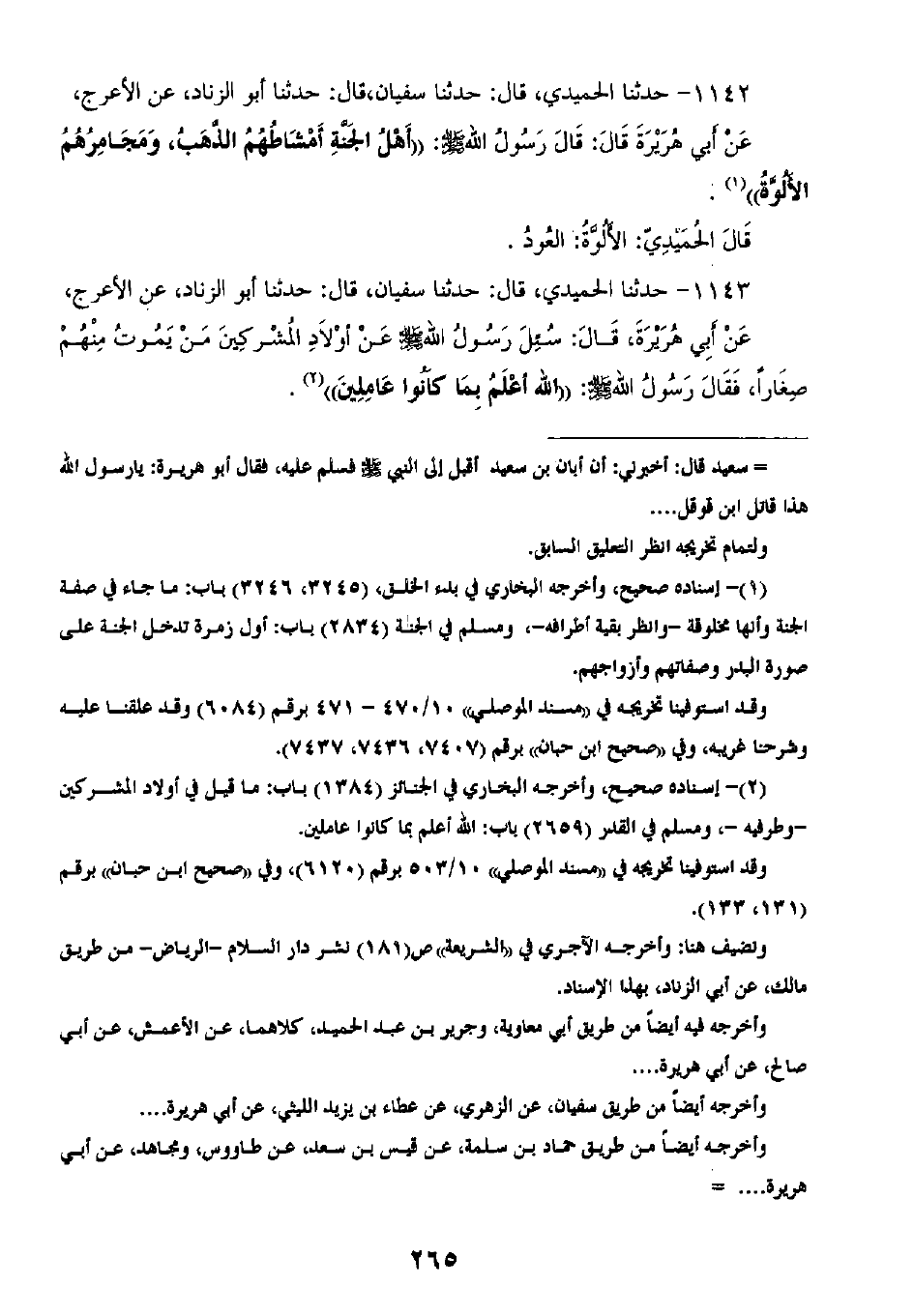 1143 - حَدَّثَنَا الْحُمَيْدِيُّ قَالَ: ثنا سُفْيَانُ، قَالَ: ثنا أَبُو الزِّنَادِ، عَنِ الْأَعْرَجِ، عَنْ أَبِي هُرَيْرَةَ، قَالَ: §سُئِلَ رَسُولُ اللَّهِ صَلَّى اللهُ عَلَيْهِ وَسَلَّمَ عَنْ أَوْلَادِ الْمُشْرِكِينَ، مَنْ يَمُوتُ مِنْهُمْ صِغَارًا، فَقَالَ رَسُولُ اللَّهِ صَلَّى اللهُ عَلَيْهِ وَسَلَّمَ: «اللَّهُ أَعْلَمُ بِمَا كَانُوا عَامِلِينَ»
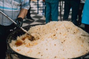 Также всех гостей ждало вкусное угощение – вкусный плов и сумаляк, которые были приготовлены в Университете Инха в Ташкенте.
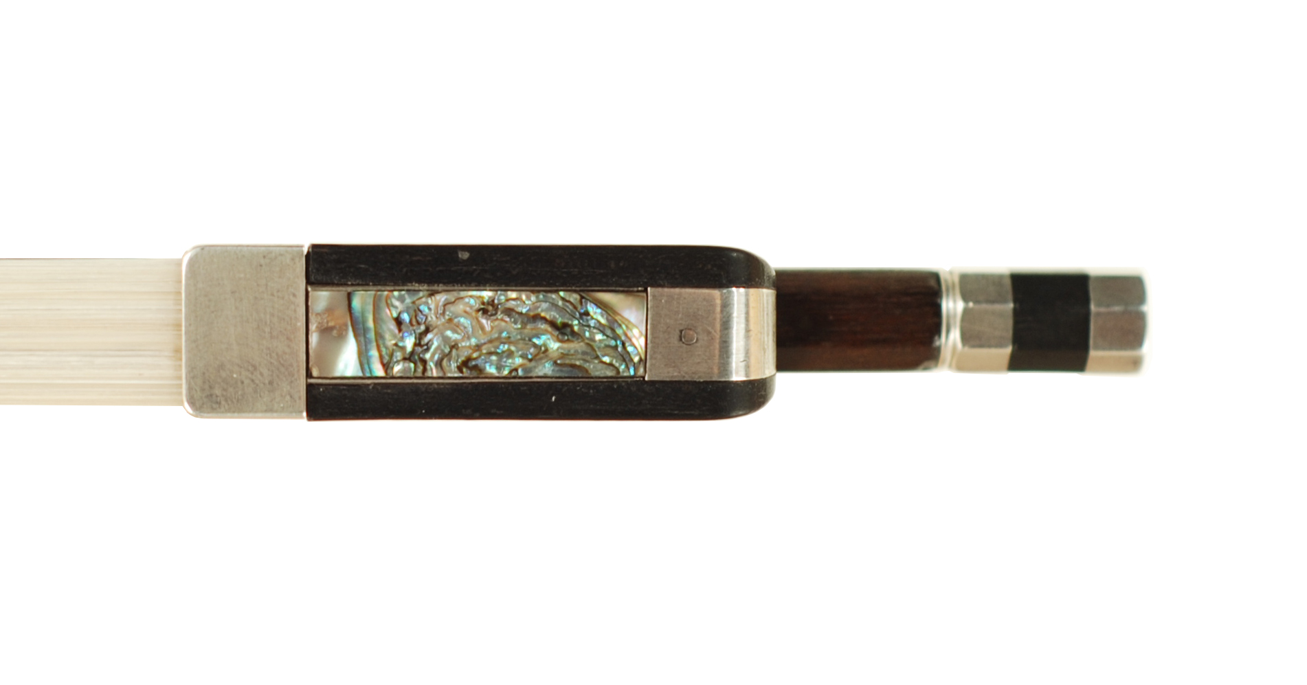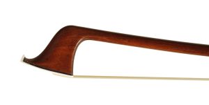 The bow is in fantastic condition, no issues: pernambuco, choice wood, round in section, and mounted in sterling silver. I cannot decipher the makers name and there are no markings of country of origin on the bow either in the typical places. The stick is strong in its formation, with tight grain from a slow growing dense tree. The entire bow shows fine craftsmanship. The head of the bow has a strong point that sweeps back gradually to the back of the head. The back of the head has perfect knife work in the chamfers that I love. The chamfers in the head extend back a few millimeters into the throat of the stick where you can see it blend into the round section of the bow. The head needed a new facial tip replacement and was the only thing that needed to be restored on the bow. The bow has a gradual camber. It is thinner at the head area and transitions to a very gradual taper, never getting overly wide or too thick. The bow is well thought out and is a study in incrementation from the tip to the very end at the button.
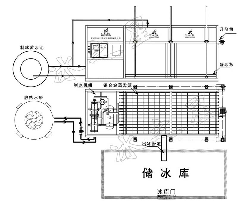 F、脫冰迅速快:水凍結成冰后,制冰系統(tǒng)反向加熱,熱氟進入蒸發(fā)器脫冰,脫冰速度快;脫冰后直接落在冰輸送裝置上,無需行車等取吊設備;
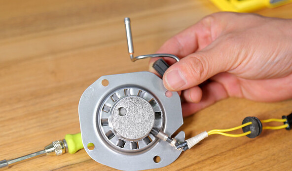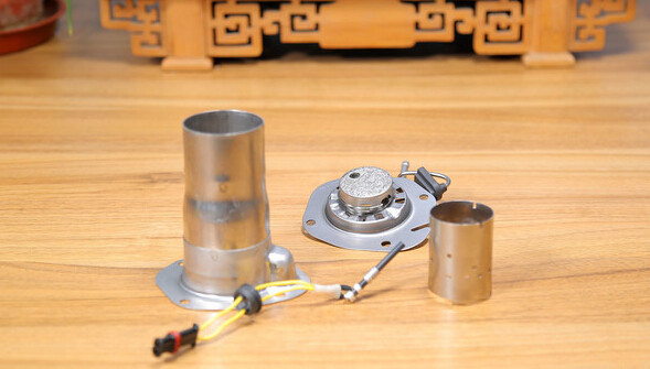 拆掉螺丝之后,我们发现燃烧室有内芯和外芯两部分组成,内芯上面设置了许多圆形的小孔,并且在燃烧头处布满了非常细的钢丝,目的是为了增加柴油蒸汽和空气的接触,有助于柴油的快速燃烧。被加热点火塞被烧红的钢丝,能不间断的提供燃油燃烧所需的温度,利于充分燃烧。
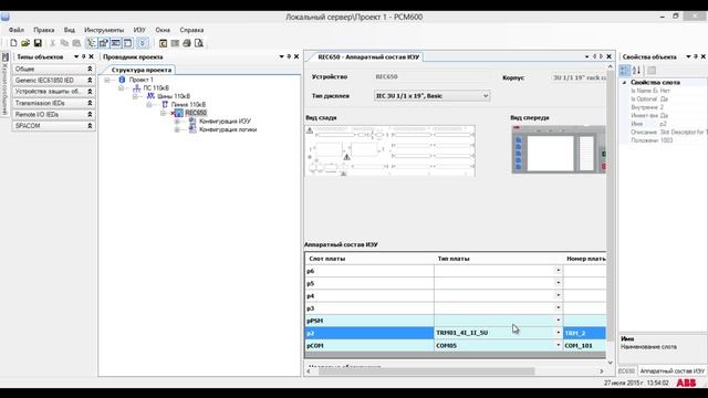 Конфигурация микропроцессорного терминала в в программе РСМ 600
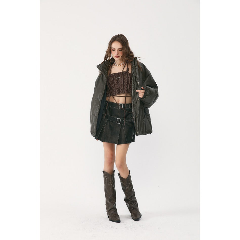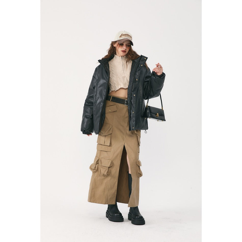 Unisex Coat PU Leather Cotton-Padded Jacket Loose
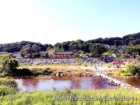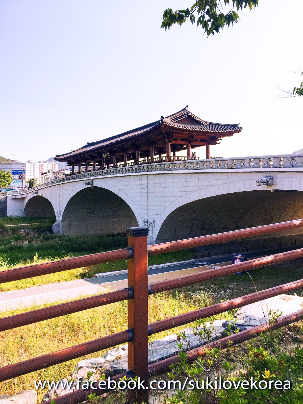 另外令大家要走超遠路的第二個重要原因是,由 國立非物質遺產院 到 全州韓屋村最接近的行人天橋竟然工程進行中而不能使用,不然原先走路去,只是需要5-10分鐘左右。 因改路了,最後我們必須經過全州其中一個著名景點晴烟樓所在的石橋才能到達目的地。
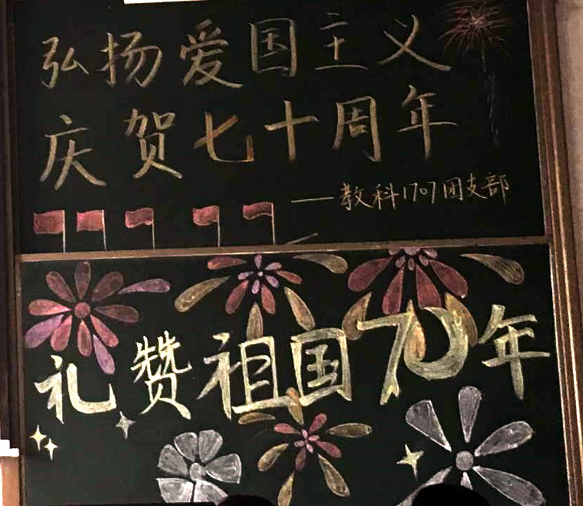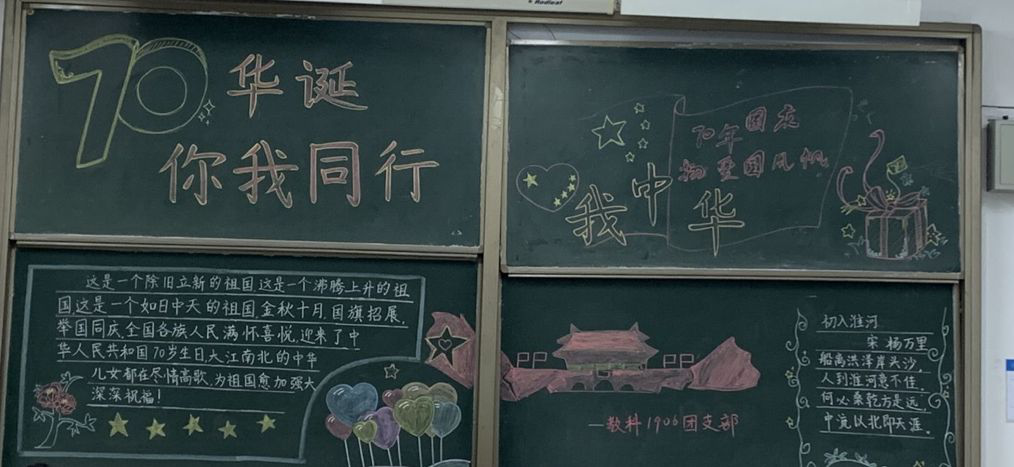 “歌颂华夏,画出风采”黑板报绘制活动,缅怀中华七十载漫漫岁月,凝聚新时代缕缕遐想。充分调动大学生亲身参与到庆祝祖国七十华诞的活动的积极性,增强大学生的家国情怀和民族自信心。

[ABOUT THIS TASK] Only exact repeats of the lines from the one containing "F、脫冰迅速快:水凍結成冰后" through the end of the listing above are wanted here; pictures are not.

[SOLUTION TO THIS EXERCISE]
 F、脫冰迅速快:水凍結成冰后,制冰系統(tǒng)反向加熱,熱氟進入蒸發(fā)器脫冰,脫冰速度快;脫冰后直接落在冰輸送裝置上,無需行車等取吊設備;
 拆掉螺丝之后,我们发现燃烧室有内芯和外芯两部分组成,内芯上面设置了许多圆形的小孔,并且在燃烧头处布满了非常细的钢丝,目的是为了增加柴油蒸汽和空气的接触,有助于柴油的快速燃烧。被加热点火塞被烧红的钢丝,能不间断的提供燃油燃烧所需的温度,利于充分燃烧。
 Конфигурация микропроцессорного терминала в в программе РСМ 600
 Unisex Coat PU Leather Cotton-Padded Jacket Loose
 另外令大家要走超遠路的第二個重要原因是,由 國立非物質遺產院 到 全州韓屋村最接近的行人天橋竟然工程進行中而不能使用,不然原先走路去,只是需要5-10分鐘左右。 因改路了,最後我們必須經過全州其中一個著名景點晴烟樓所在的石橋才能到達目的地。
 “歌颂华夏,画出风采”黑板报绘制活动,缅怀中华七十载漫漫岁月,凝聚新时代缕缕遐想。充分调动大学生亲身参与到庆祝祖国七十华诞的活动的积极性,增强大学生的家国情怀和民族自信心。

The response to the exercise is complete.